The city of Beira in central Mozambique bore Cyclone Idai’s full wrath on Thursday before the storm barrelled on to neighbouring Zimbabwe, unleashing fierce winds and flash floods and washing away roads and houses.
“For the moment we have registered 84 deaths officially, but when we flew over the area… this morning to understand what’s going on, everything indicates that we could register more than 1,000 deaths,” Mozambican President Filipe Nyusi said in a nationwide address.
“This is a real humanitarian disaster,” he said. “More than 100,000 people are in danger”.
Survivors have taken refuge in trees while awaiting help, the president added.
Aerial photographs released by a Christian non-profit organisation, the Mission Aviation Fellowship, showed groups of people stuck on rooftops with flood waters up to window level.
“The scale of damage… (in) Beira is massive and horrifying”, the International Federation of Red Cross and Red Crescent Societies (IFRC) said.
Ninety percent of the city of some 530,000 people and its surrounding area has been “damaged or destroyed,” it said in a statement.
“The situation is terrible. The scale of devastation is enormous,” the IFRC’s Jamie LeSueur said.
“Almost everything is destroyed. Communication lines have been completely cut and roads have been destroyed. Some affected communities are not accessible.”
A large dam burst on Sunday and cut off the last road to Beira, he said.
Sofala province governor Alberto Mondlane warned that the “biggest threat we have now, even bigger than the cyclone, is floods because it’s raining more and more”.

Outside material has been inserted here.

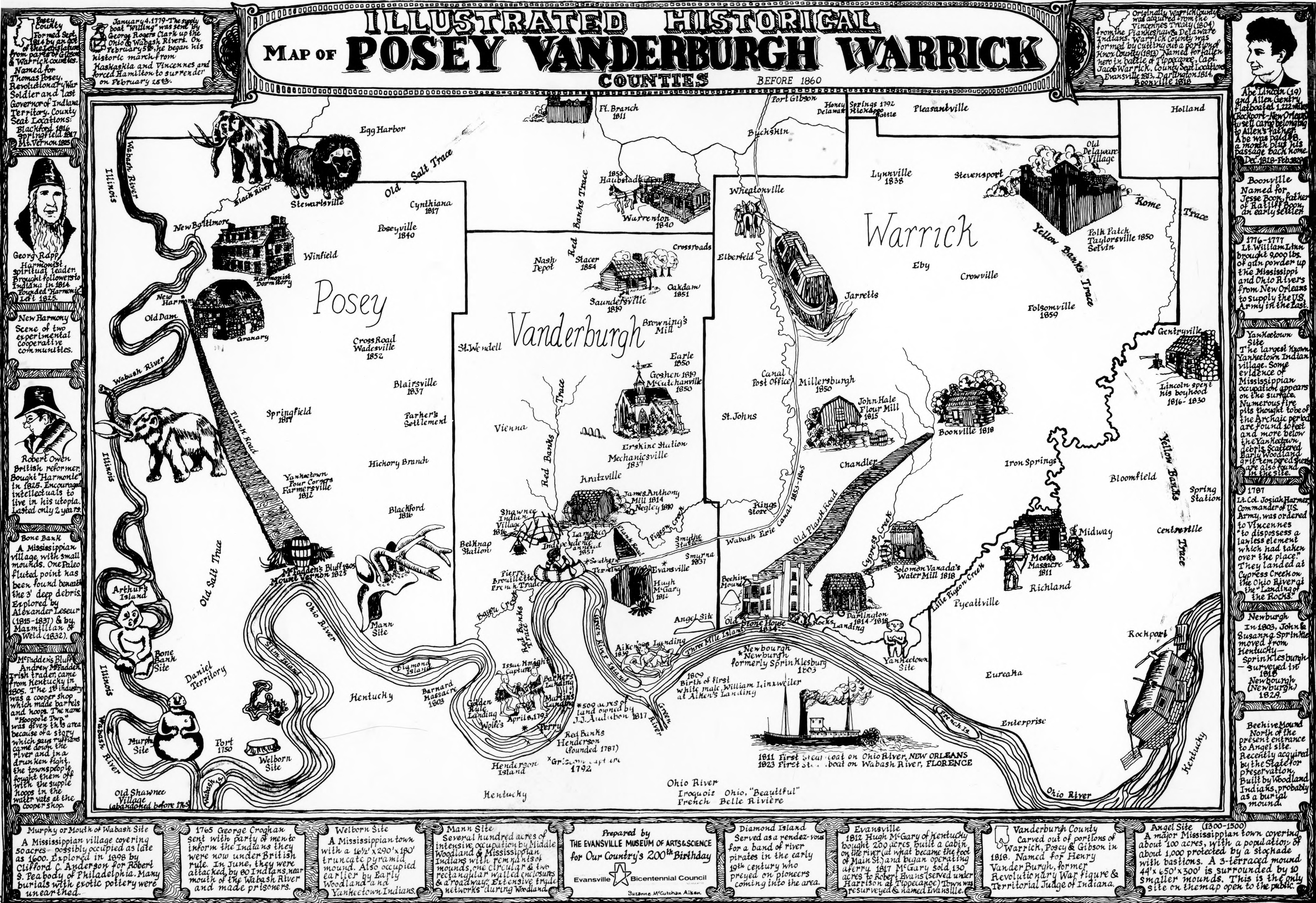Illustrated historical map of Posey, Vanderburgh, and Warrick counties before 1860.

Emma Beaty, coordinator of a grouping of NGOs known as Cosaco, said: “We’ve never had something of this magnitude before in Mozambique”.

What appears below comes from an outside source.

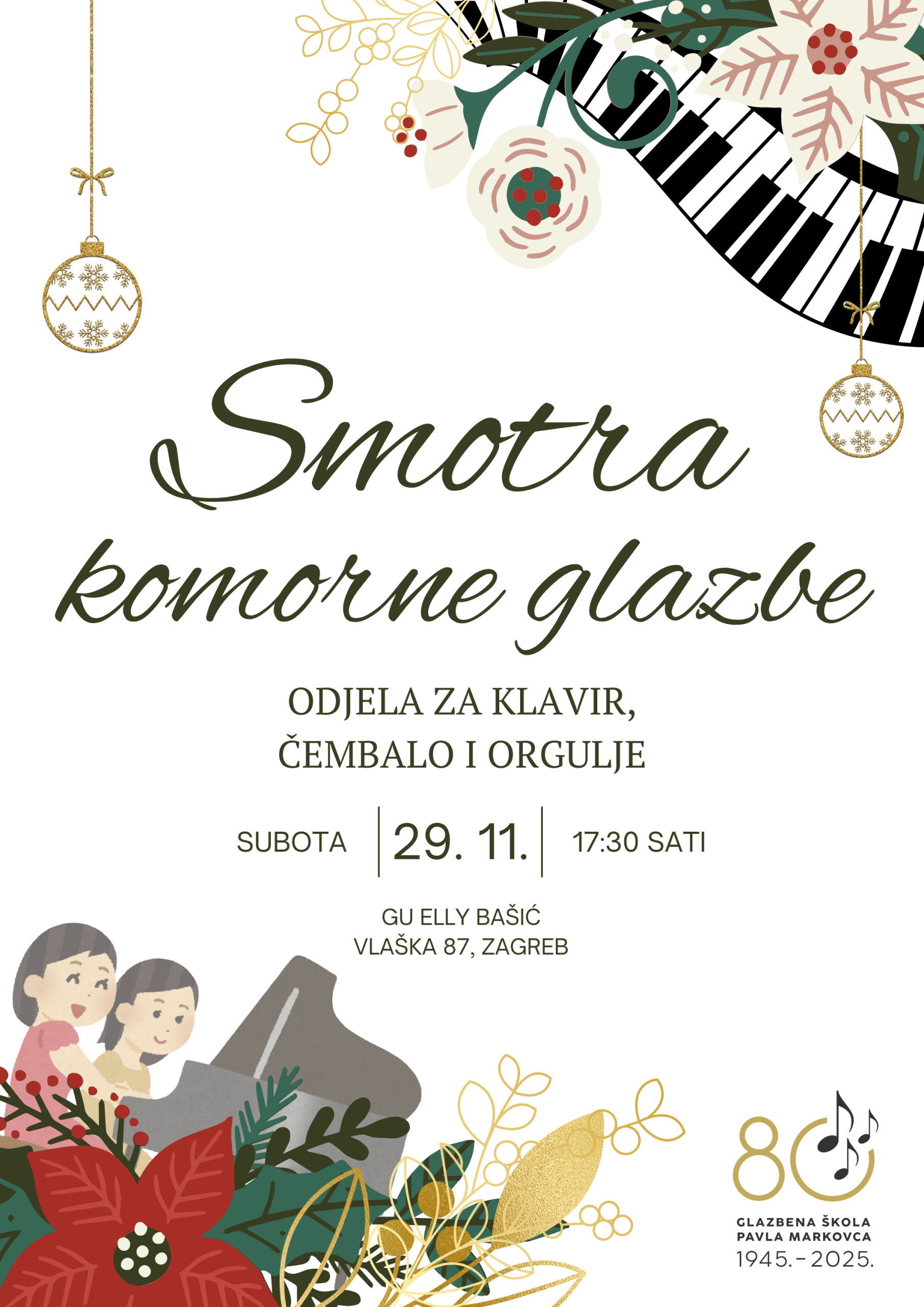 U subotu 29. studenog 2025. u velikoj dvorani Glazbenog učilišta Elly Bašić, Odjel za klavir, čembalo i orgulje Glazbene škole Pavla Markovca održao je svoju tradicionalnu Smotru komornih sastava.
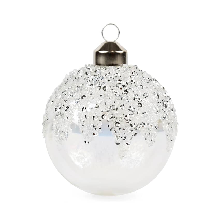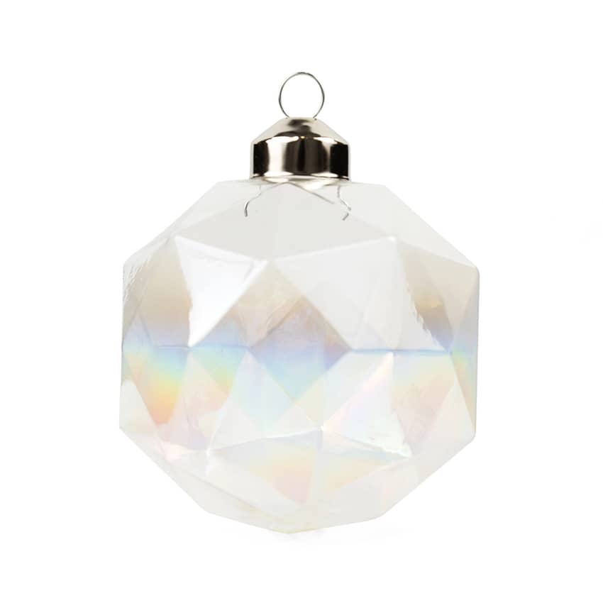 - A beautiful assortment of iridescent and crystal-shaped glass ornaments with matching silver hardware and ribbon hangers

“Some dams have broken, and others have reached full capacity, they’ll very soon open the flood gates. It’s a convergence of flooding, cyclones, dams breaking and making a potential wave: everything’s in place so we get a perfect storm.”
Nyusi said the Pungwe and Buzi rivers in central Mozambique “have burst their banks and engulfed entire villages.”
“Communities are isolated and bodies are floating” on the waters, he said.
Beira international airport was closed because of cyclone damage but later reopened.